Over the past few years, there has been dramatically increased media coverage of solar flares, and the effects they can have on the Earth, primarily on our electrical distribution and communications systems. The emphasis has been on the ability of the flares to cause geomagnetic storms on the Earth, which then can induce currents in our electrical power grids, causing them to go offline from damage. There has been a tremendous amount of fear instilled in the public by the hundreds, if not thousands, of news articles that appear every time there is a solar flare.

Those of us who are shortwave listeners or amateur (ham) radio operators are typically familiar with solar flares, and some of the effects they can cause. To summarize:

A solar flare is a sudden brightening of a portion of the Sun’s surface. A solar flare releases a large amount of energy in the form of ultraviolet light, x-rays and various charged particles, which blast away from the solar surface. The x-rays can have an almost immediate effect on the Earth’s ionosphere, the layer of charged particles above the atmosphere, which allows for distant reception of shortwave radio signals. I discuss the effects of x-rays on the ionosphere this earlier article. Energetic solar flares can cause what are known as radio blackouts, where all of the shortwave spectrum appears to be dead, with few or no stations audible. Other communications bands, such as AM / medium wave (MW between 526-1705 kHz), FM, TV, and cellular phones are not affected. Just shortwave. Also, the portion of the Sun producing the flare must be roughly facing the Earth to have an effect, and only the sunlit portion of the Earth is affected.

The solar flare can also cause a Coronal Mass Ejection (CME), which is a burst of energy, plasma, particles, and magnetic fields. The CME typically takes one to three days to reach the Earth. When it does, it can cause a geomagnetic storm, which is a disruption of the Earth’s magnetosphere. The magnetosphere is a region of space surrounding the Earth, where the magnetic field of the earth interacts with charged particles from the sun and interplanetary space.

The CME can produce very high radiation levels, but only in outer space. If you’re an astronaut on the International Space Station, this could be a concern. If not, you don’t really have much to worry about. High altitude airline flights can result in somewhat higher than usual radiation doses, but high airline flights always result in higher than usual radiation doses, due to less atmosphere protecting you from cosmic radiation. You might just get a little more especially if you fly over the North Pole. Or over the South Pole, but I don’t think there are too many of us who do that.

The effects of a geomagnetic storm:

The Earth’s magnetic fields are disturbed. This can cause compass needles to deviate from their correct direction towards the poles, and has been frequently mentioned in medieval texts.

Communications systems can be impacted. As with solar flares, shortwave radio is most affected. AM can also be affected to some degree. FM TV, and cell phones are not affected.

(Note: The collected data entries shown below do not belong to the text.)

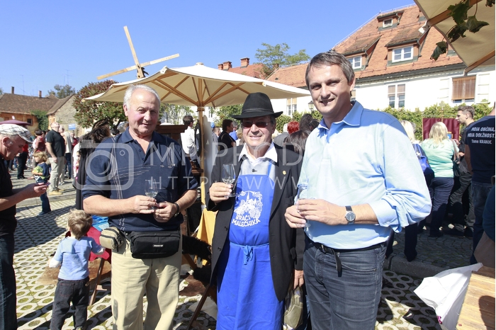 - Jože Protner, častni konzul Republike Avstrije, vinar, mestni svetnik LDS in Koalicije za Maribor, Tomaž Kancler, kandidat stranke SDS za župana Maribora, 28. Trgatev Stare trte – Hiša Stare trte – Lent – Maribor Avtor: MP Produkcija
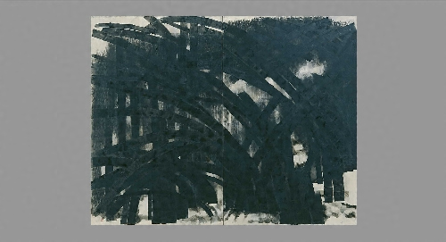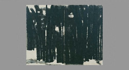 水墨が持つ諧調の幅を活かさず、ほとんど濃墨で表された竹林。原爆による爆風によるものだろうか、左隻にはなぎ倒されて大きく弧を描く竹が描かれている。本図制作の10年前には、「原爆の図」の第7部として、《竹やぶ》という作品を制作しており、被爆した人々が、爆風でしなった竹やぶの中に逃れていく有様を描いている。本作品も同一テーマを展開したものかとも思われるが、ここには、もはや人の姿はない。黒々とした竹は、折り重なってしなりながらも、力強く、明快なものとなっている。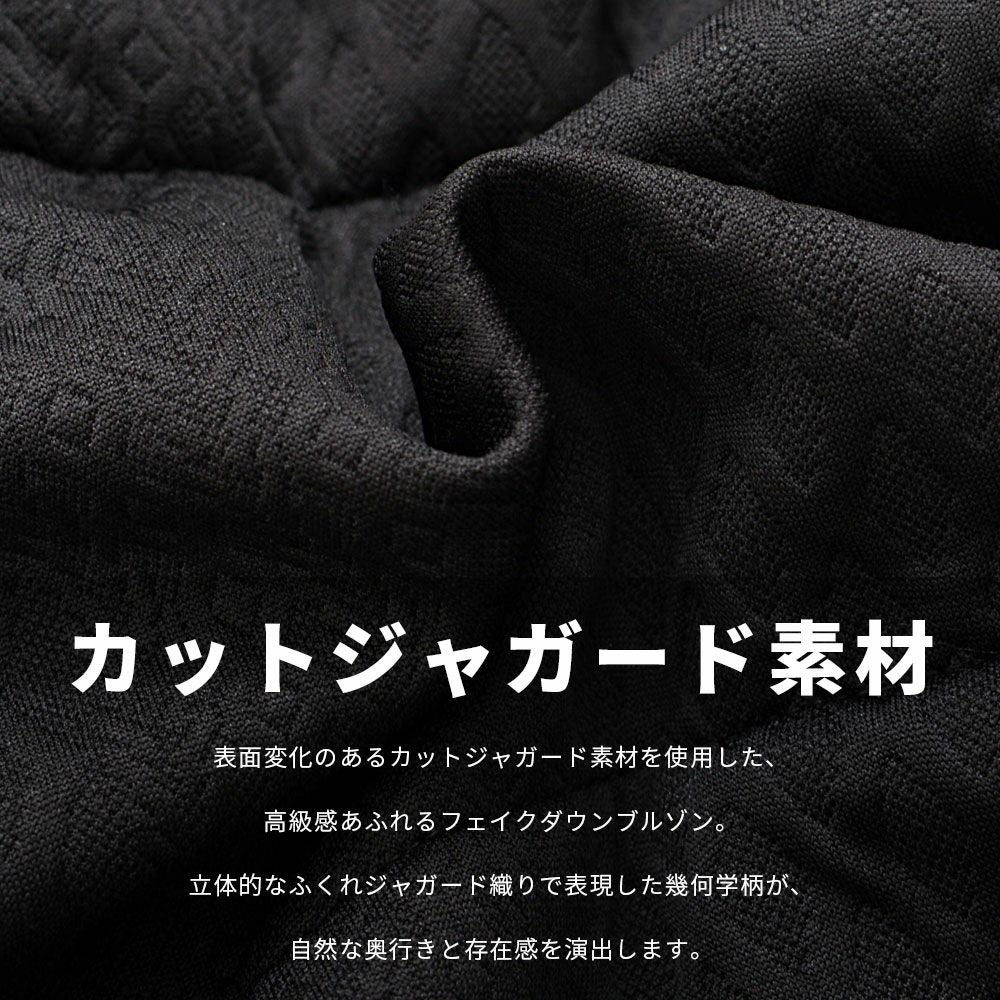 他の画像を見る 送料無料 表面変化のあるカットジャガード素材を使用した、高級感あふれるフェイクダウンブルゾン。立体的なふくれジャガード織りで表現した幾何学柄が、自然な奥行きと存在感を演出。 【送料無料】CavariA(キャバリア)ポリカットジャガードフェイクダウンブルゾン/全2色 販売価格 ¥ 11,880 税込 在庫切れ カートに入れる お気に入りに登録する

Back in 1859, there was a large geomagnetic storm, often called the Carrington Event because the solar flare that caused it was seen by British astronomer Richard Carrington. The effects were dramatic. Aurora were seen as far south as the Caribbean. Telegraph lines failed, and some threw sparks that shocked operators. Storms of this magnitude are estimated to occur about every 500 years. Other very large geomagnetic storms occurred in 1921 and 1960, although neither was the magnitude of the 1859 storm. The term “Carrington Event” has now come to mean an extremely large geomagnetic storm that could cause devastating damage to the communications and electrical systems around the world. But these forecasts are often based on the notion that, with more communications and electrical systems in place, we are much more reliant on these systems and vulnerable to disruption, meanwhile ignoring the fact that we better understand how geomagnetic storms cause damage, and what can be done to prevent it. Remember, this was 1859, and very little was even known about how electricity worked, let alone the effects of geomagnetic storms. This was in fact the first time that the relationship between solar flares and geomagnetic storms was established.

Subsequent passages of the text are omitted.